Design of Experiments (DoE) orchestrator. Manages the lifecycle of multi-treatment experiments where each setup treatment triggers a full standup, run, and teardown cycle.
Experiment files define two sections:
experiment:
name: my-experiment # Optional; defaults to filename
harness: inference-perf # Optional; overrides scenario harness
profile: my_profile.yaml # Optional; overrides scenario profile
setup:
constants: # Merged into every setup treatment
model.maxModelLen: 4096
treatments:
- name: tp2
decode.parallelism.tensor: 2
- name: tp4
decode.parallelism.tensor: 4
treatments: # Or "run:" -- workload treatments
- name: low-load
rate: 10
- name: high-load
rate: 100Each setup treatment provides config overrides that are deep-merged into the base scenario before plan rendering. Overrides use dotted keys (e.g. decode.parallelism.tensor: 4) which are converted to nested dicts via dotted_to_nested(). Constants from setup.constants are merged first, then treatment-specific values override them.
Each setup treatment triggers a complete standup to run to teardown cycle.
Run treatments (under treatments or run) are consumed by the run phase's profile renderer (step 04). Multiple run treatments execute against a single stood-up stack.
The total experiment matrix is setup_treatments x run_treatments. For example, 3 setup treatments and 4 run treatments produce 12 total runs.
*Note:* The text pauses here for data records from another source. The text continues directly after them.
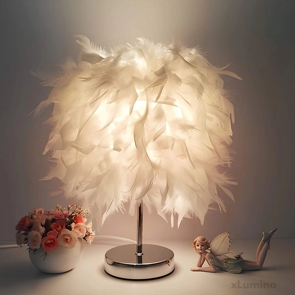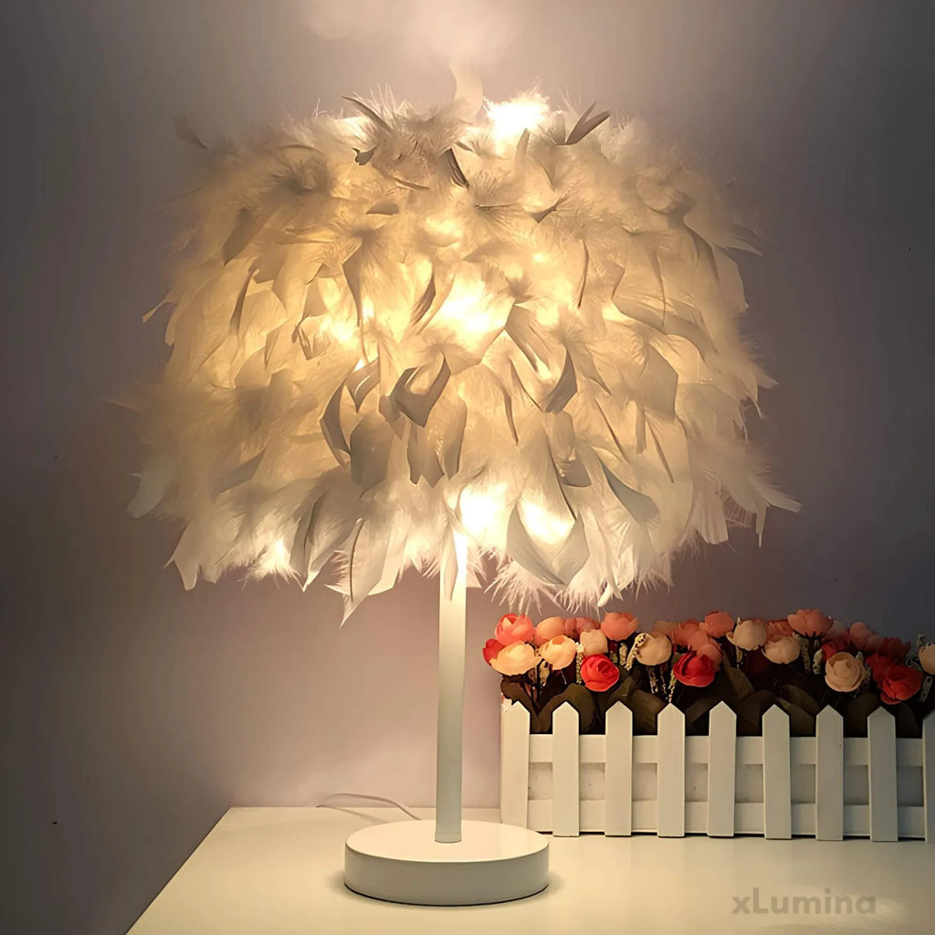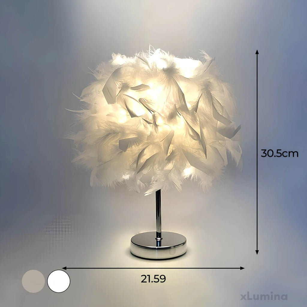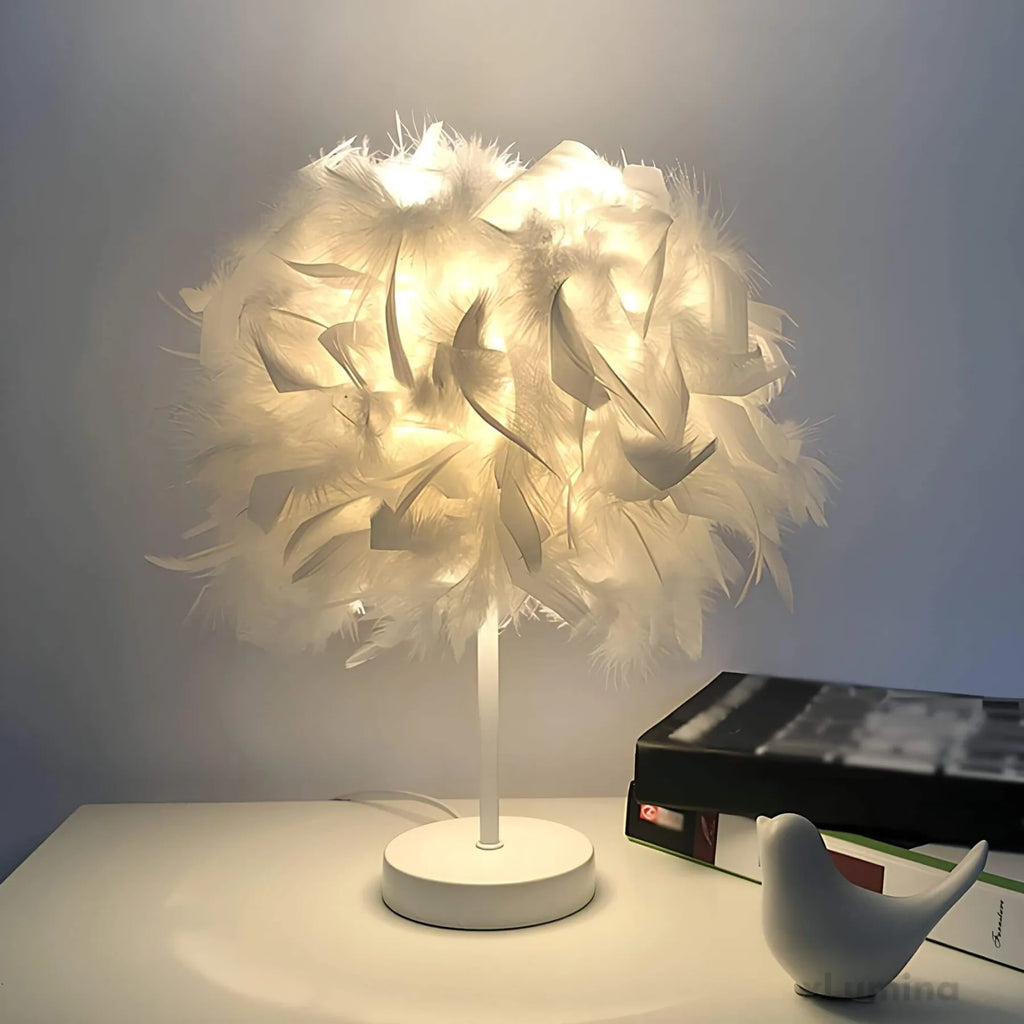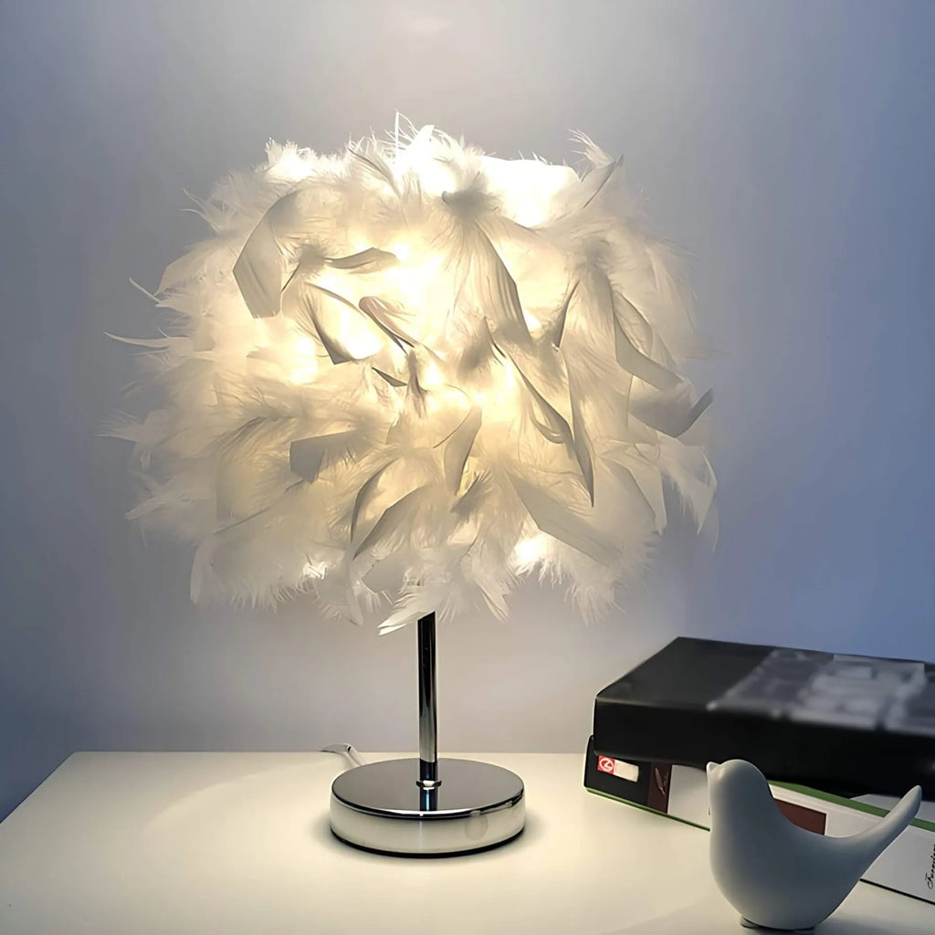 FederGlanz - Runde Tischlampe mit Federn
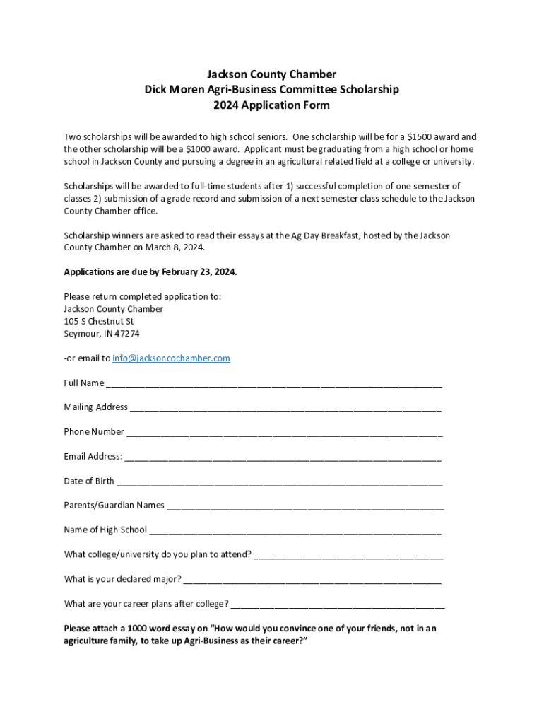 Jackson County Chamber Dick Moren AgriBusiness Committee Scholarship 2024 Application Form Two scholarships will be awarded to high school seniors. One scholarship will be for a $1500 award and the
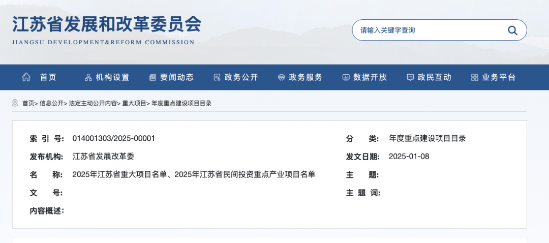 行業熱點?|?500個!2025年江蘇省重大項目名單發布!
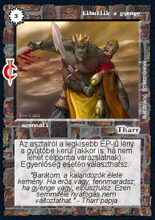 Szinesítő szöveg: "Barátom, a kalandozók élete kemény. Ha erős vagy, fennmaradsz; ha gyenge vagy, elpusztulsz. Ezen semmiféle nyafogás nem változtathat." - Tharr papja

The setup section is optional. When absent, the experiment file behaves identically to the existing --experiments run-only flow -- a single standup runs all workload treatments.
experiment/
├── __init__.py -- Package docstring
├── parser.py -- ExperimentPlan parser
└── summary.py -- ExperimentSummary tracker
Parse an experiment YAML file into a structured ExperimentPlan. Raises FileNotFoundError if the file does not exist and ValueError if the content is not a YAML mapping.
Convert a flat dict with dotted keys to a nested dict. Raises ValueError on key conflicts (e.g. a.b: 1 alongside a.b.c: 2).
>>> dotted_to_nested({"a.b.c": 1, "a.b.d": 2, "x": 3})
{"a": {"b": {"c": 1, "d": 2}}, "x": 3}@dataclass
class SetupTreatment:
name: str # Treatment identifier
overrides: dict[str, Any] # Nested config overrides (post-conversion)
@dataclass
class ExperimentPlan:
name: str # Experiment name
harness: str | None # Harness override
profile: str | None # Profile override
setup_treatments: list[SetupTreatment] # Infrastructure treatments
run_treatments_count: int # Number of workload treatments
experiment_file: Path # Source file path
has_setup_phase: bool # True if setup section was present
@property
def total_matrix(self) -> int: # setup_count x run_countTracks per-treatment outcomes across the experiment lifecycle.
@dataclass
class ExperimentSummary:
experiment_name: str
total_setup_treatments: int
total_run_treatments: int
results: list[TreatmentResult]
start_time: float
def record_success(self, setup_treatment, run_completed, run_total, workspace_dir=None, duration=0.0): ...
def record_failure(self, setup_treatment, phase, error, run_completed=0, run_total=0, ...): ...
def write(self, path: Path): ... # Write experiment-summary.yaml
def print_table(self, logger): ... # Print formatted summary table
def to_dict(self) -> dict: ... # Serialize for YAML output@dataclass
class TreatmentResult:
setup_treatment: str
status: str # "pending", "success", "failed_standup", "failed_run", "failed_teardown"
run_treatments_completed: int
run_treatments_total: int
error_message: str | None
workspace_dir: str | None
duration_seconds: floatThe experiment CLI command (defined in interface/experiment.py) orchestrates the lifecycle:
- Parse the experiment YAML via
parse_experiment(). - Create an
ExperimentSummarytracker. - For each setup treatment:
a. Render plans with the treatment's config overrides deep-merged into the base scenario.
b. Execute standup (all steps).
c. Execute run (all steps, with the experiment's run treatments).
d. Execute teardown (all steps, unless
--skip-teardownis set). e. Record success or failure in the summary. - Write
experiment-summary.yamland print the summary table.
If --stop-on-error is set, the experiment aborts on the first failed setup treatment. Default behavior continues to the next treatment.